Using the data below, set down every line from the one containing "Mountains on a" through the one containing "EU and China", inclusive and unchanged. Pictures are to be skipped.
───── GIVEN INFORMATION
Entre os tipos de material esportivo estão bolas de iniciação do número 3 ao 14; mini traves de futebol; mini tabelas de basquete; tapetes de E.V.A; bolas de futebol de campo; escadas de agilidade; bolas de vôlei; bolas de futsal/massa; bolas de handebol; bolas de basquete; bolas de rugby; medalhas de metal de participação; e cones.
──────────
───── GIVEN INFORMATION
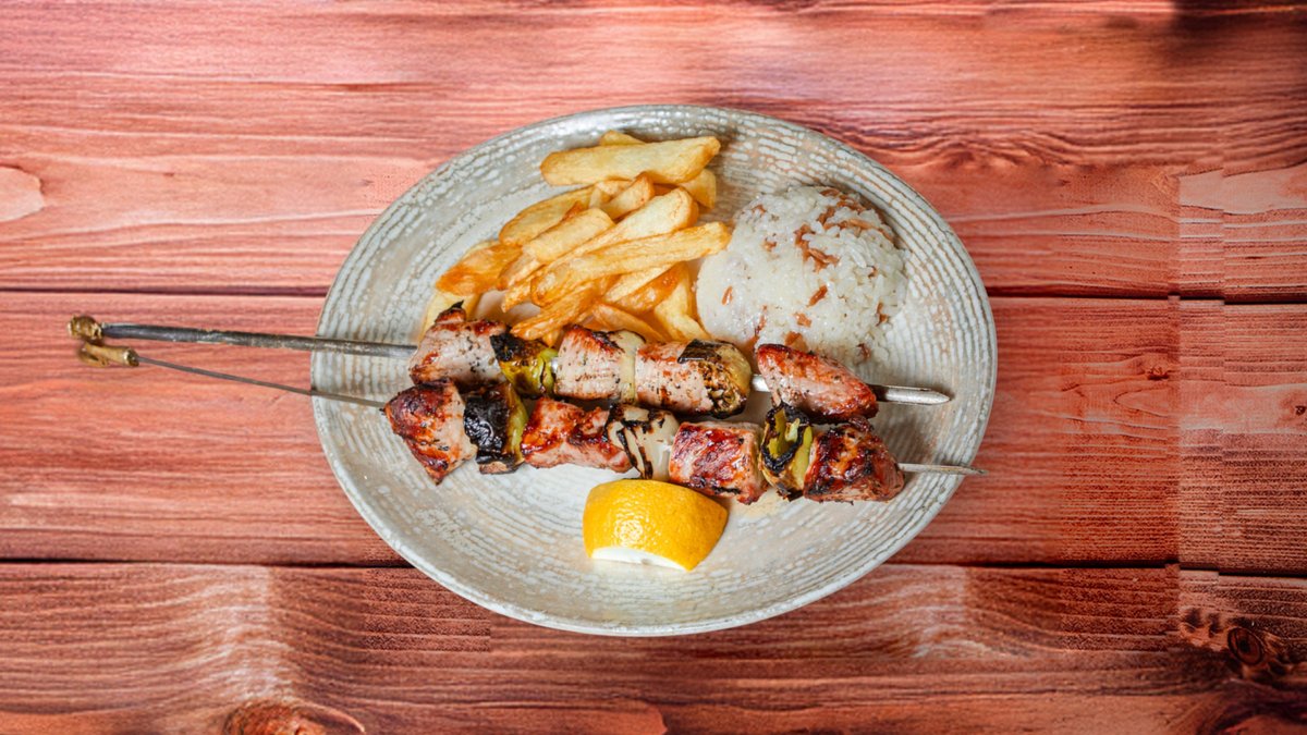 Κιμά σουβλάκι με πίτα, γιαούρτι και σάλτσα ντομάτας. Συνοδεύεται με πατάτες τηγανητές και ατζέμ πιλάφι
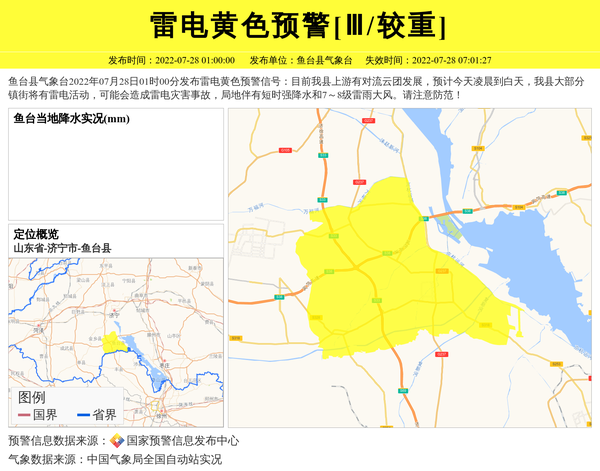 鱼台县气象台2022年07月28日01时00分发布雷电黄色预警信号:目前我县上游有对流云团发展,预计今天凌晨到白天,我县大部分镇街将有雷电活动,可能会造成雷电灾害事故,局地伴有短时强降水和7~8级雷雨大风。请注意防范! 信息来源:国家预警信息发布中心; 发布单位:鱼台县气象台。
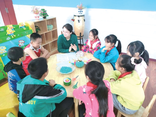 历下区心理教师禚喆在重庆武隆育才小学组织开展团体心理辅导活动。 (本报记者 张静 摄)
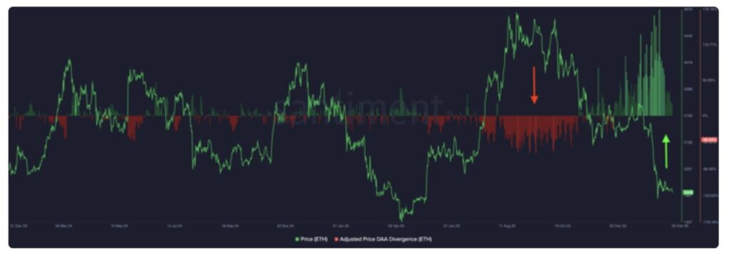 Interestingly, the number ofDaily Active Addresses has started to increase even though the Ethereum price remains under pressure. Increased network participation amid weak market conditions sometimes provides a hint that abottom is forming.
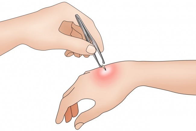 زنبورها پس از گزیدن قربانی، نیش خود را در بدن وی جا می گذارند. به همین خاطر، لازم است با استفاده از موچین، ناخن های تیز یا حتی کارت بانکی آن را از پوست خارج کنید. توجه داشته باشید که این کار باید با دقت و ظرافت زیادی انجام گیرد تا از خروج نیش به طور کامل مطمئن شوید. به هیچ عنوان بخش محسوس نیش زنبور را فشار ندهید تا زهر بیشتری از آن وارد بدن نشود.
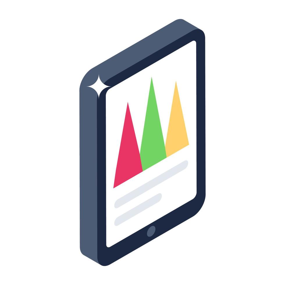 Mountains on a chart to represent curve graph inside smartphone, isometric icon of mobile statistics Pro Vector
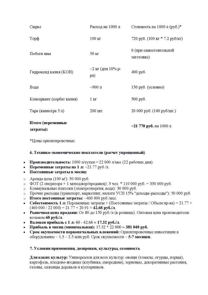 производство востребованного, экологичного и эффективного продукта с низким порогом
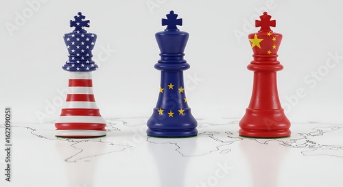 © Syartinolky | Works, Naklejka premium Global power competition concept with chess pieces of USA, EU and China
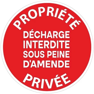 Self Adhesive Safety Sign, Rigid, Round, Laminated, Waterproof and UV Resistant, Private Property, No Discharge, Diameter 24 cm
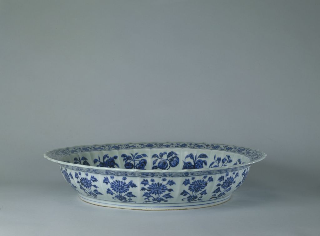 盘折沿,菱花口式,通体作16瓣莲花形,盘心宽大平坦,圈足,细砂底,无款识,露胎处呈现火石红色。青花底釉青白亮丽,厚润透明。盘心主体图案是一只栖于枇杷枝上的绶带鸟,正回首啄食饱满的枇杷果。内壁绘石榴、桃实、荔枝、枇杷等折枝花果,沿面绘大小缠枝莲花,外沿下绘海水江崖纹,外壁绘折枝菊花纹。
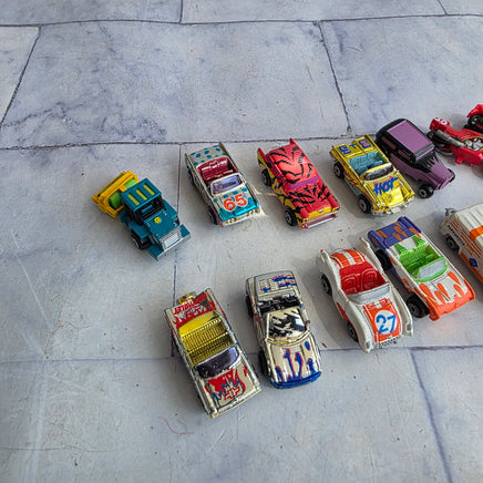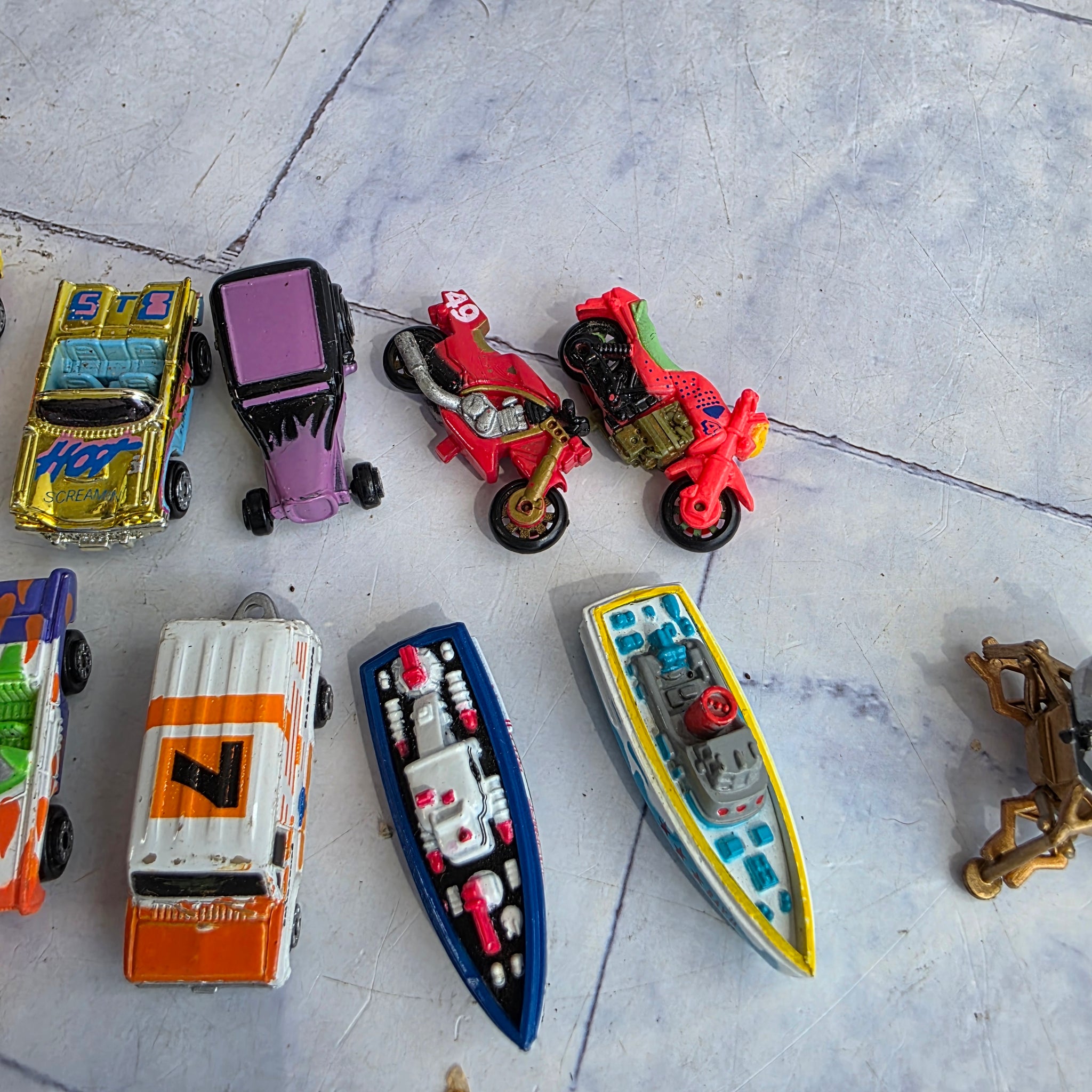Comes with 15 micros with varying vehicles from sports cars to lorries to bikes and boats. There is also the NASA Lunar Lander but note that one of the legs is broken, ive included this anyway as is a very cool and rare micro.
──────────
▶ ANSWER TO THIS EXERCISE
 Mountains on a chart to represent curve graph inside smartphone, isometric icon of mobile statistics Pro Vector
 производство востребованного, экологичного и эффективного продукта с низким порогом
 © Syartinolky | Works, Naklejka premium Global power competition concept with chess pieces of USA, EU and China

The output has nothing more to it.